Last edited: Apr 22, 2017
7. Apr 22, 2017

### TSny

OK

Why are you setting $H = 0$? Neither $H_1$ (in the gap) nor $H_2$ (in the material) is equal to zero.

In Feynman's figure 36-11, the right surface of the gap will have the positive fictitious pole density. Choosing vector components to the left as positive components, then Gauss's law for the right surface of the gap would give $H_1 - H_2 = \frac{M}{\mu_0}$, or $H_1 = H_2 + \frac{M}{\mu_0}$. This shows the relation between $H_1$, $H_2$, and $M$.

Applying Gauss law to the left face of the gap (with the negative pole density), you again find $H_1 = H_2 + \frac{M}{\mu_0}$. This is nothing new, as it expresses the same result as for the right face. (You would not add the results together for the left face and the right face. Each result separately expresses the correct relation between $H_1$, $H_2$, and $M$.)

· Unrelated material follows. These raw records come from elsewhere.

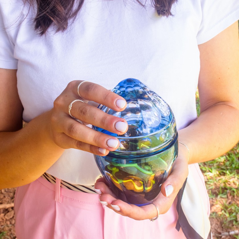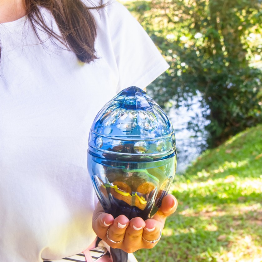 Compoteira Egg de Cristal Lapidado Azul Claro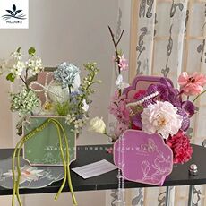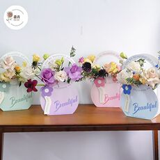 新款母亲节礼物花艺插花盒渐变系列手提盒花篮鲜花包装礼盒纸盒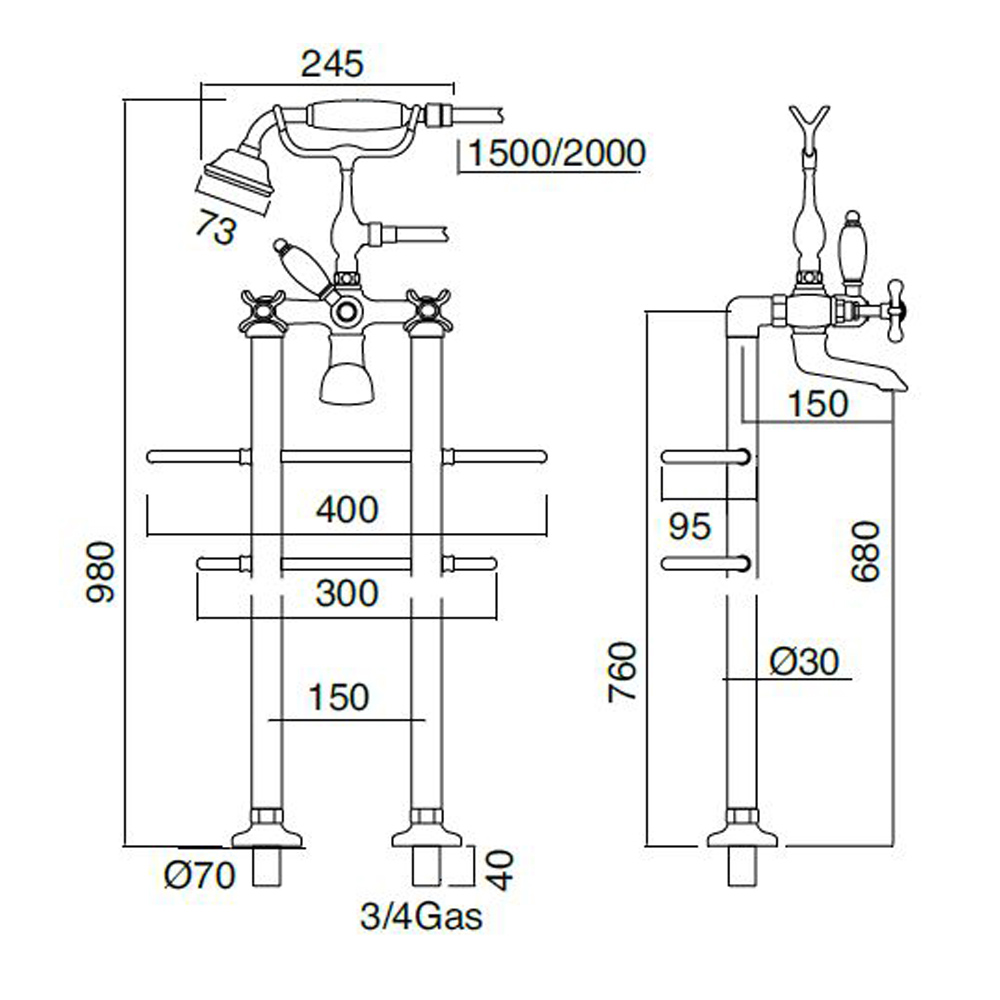 floor-mounted bathtub set with towel rail, hand shower and flexible hose è entirely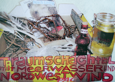Der Postbote bringt mir manchmal ganz Aussergewöhnliches. Eine Schachtel zum Träumen und Spielen mit Fundstücken von der Nordsee zum Beispiel. Es ist eine Überraschungsschachtel mit Steinen, Federn, Strandgut, zwei Flaschen – die eine mit Meerwasser und die andere mit Nordostwind. Der hohe Norden weht und spielt sich jetzt hier in meinen Südgarten.

The correct relation is $B_{gap} = B_1 = \mu_0 H_1 = \mu_0 \left( H_2 + \frac{M}{\mu_0} \right) = \mu_0 H_2 + M$. However, since $\mu_0 H_2 << M$ in our situation, we do have approximately $B_{gap} \approx M$.

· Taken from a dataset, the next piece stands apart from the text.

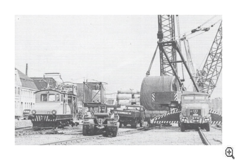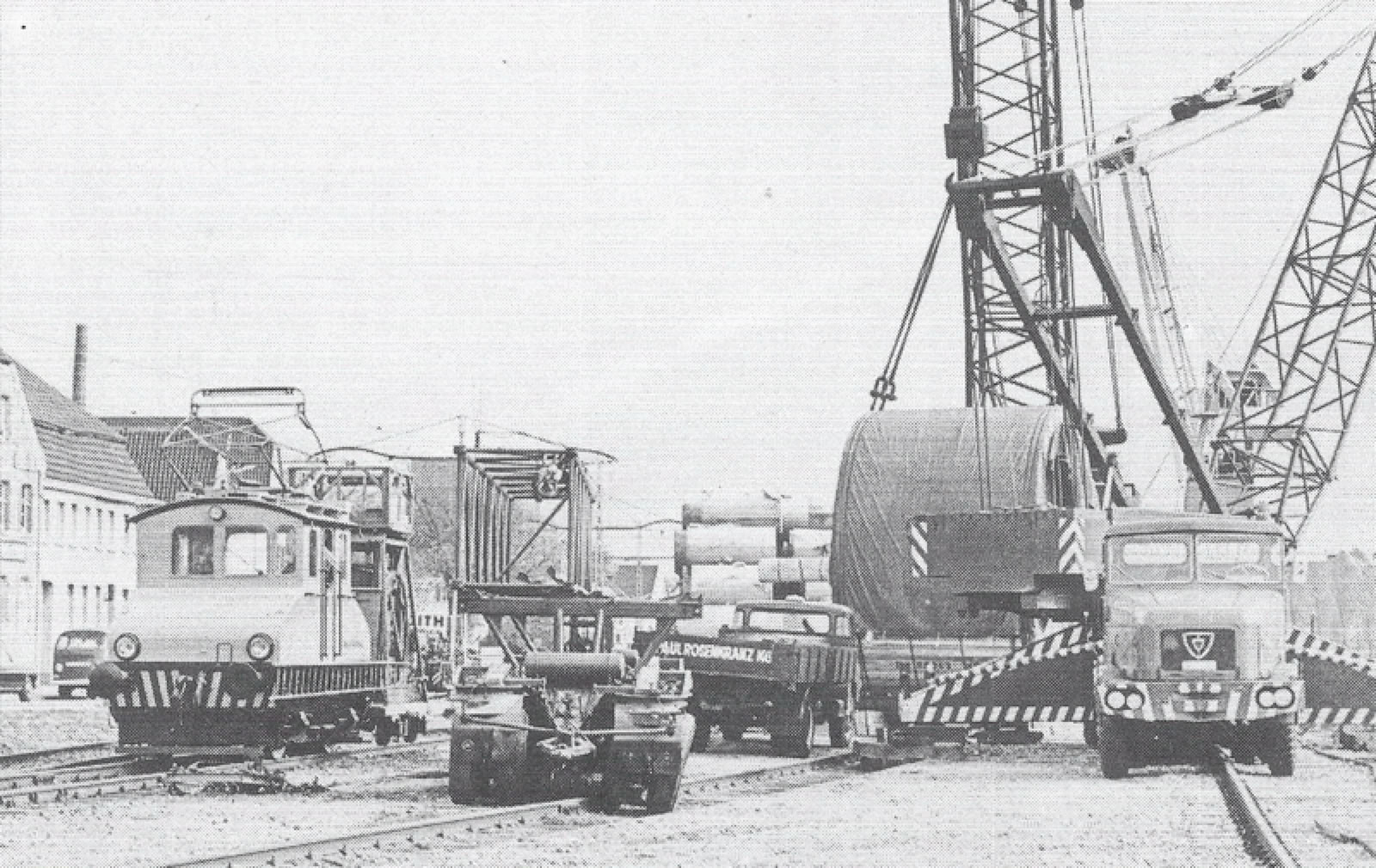 Schwertransport im Hitdorfer Hafen 1970. Schwerlastkräne verladen einen Trockenzylinder vom Schiff auf einen Tiefladewagen der Kleinbahn. Die E-Lok 1 steht mit einem Turmwagen für die Demontage der Oberleitung bereit.

I don't understand this remark. My understanding of the meaning of $B_r$ is that it represents the value of $B$ when $H_2 = 0$. (See doktorwho's magnetization curve.) But we do not have $H_2 = 0$ in our situation.

Feynman does not get $H_2=B_r/\mu_o$. He gets $H_2$ as the value of $H$ at point $d$ in his figure 36-12. (Note that point $d$ lies on the straight line corresponding to $I = 0$.) Likewise, $B_2 = B_1 = B_{gap}$ is the value of $B$ at point $d$. This value of $B$ does not equal $B_r$.

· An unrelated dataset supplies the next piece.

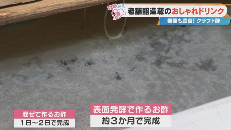 「表面発酵法と言いまして、空気に触れた表面が酢酸発酵し、対流することで時間をかけてお酢を作ります。だいたい3か月くらいかかりますね」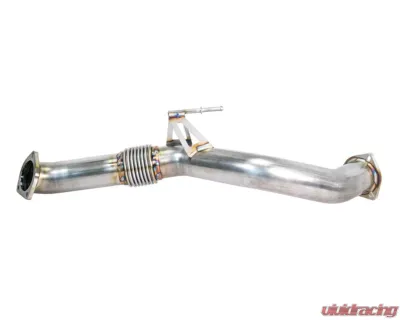 Constructed from 16 gauge mandrel bent 3" tubing, this front pipe is built tough. The CNC machined flanges and high-quality reinforced flex-section mean you're getting something that can handle the heat and stress of high-performance driving. All the components are made from 304 stainless steel, and they’re fully back-purged right here on site, so they can withstand those high exhaust gas temperatures without breaking a sweat.

Also, note that $H_2$ is negative, so $H_2$ points to the right inside the material just to the right of the right surface of the gap. That is, $H_2$ points in the opposite direction to $B_2$ in the material.

For doktorwho's example, I think the answer is $B_{gap}=B_r / 2$ and this result depends on the fact that the gap distance is such that $l_2/l_1 = l/l_0 = 100$. For a different gap distance you would get a different result for $B_{gap}$. (The slope of the straight line corresponding to $I = 0$ in fig. 36-12 depends on the gap distance.)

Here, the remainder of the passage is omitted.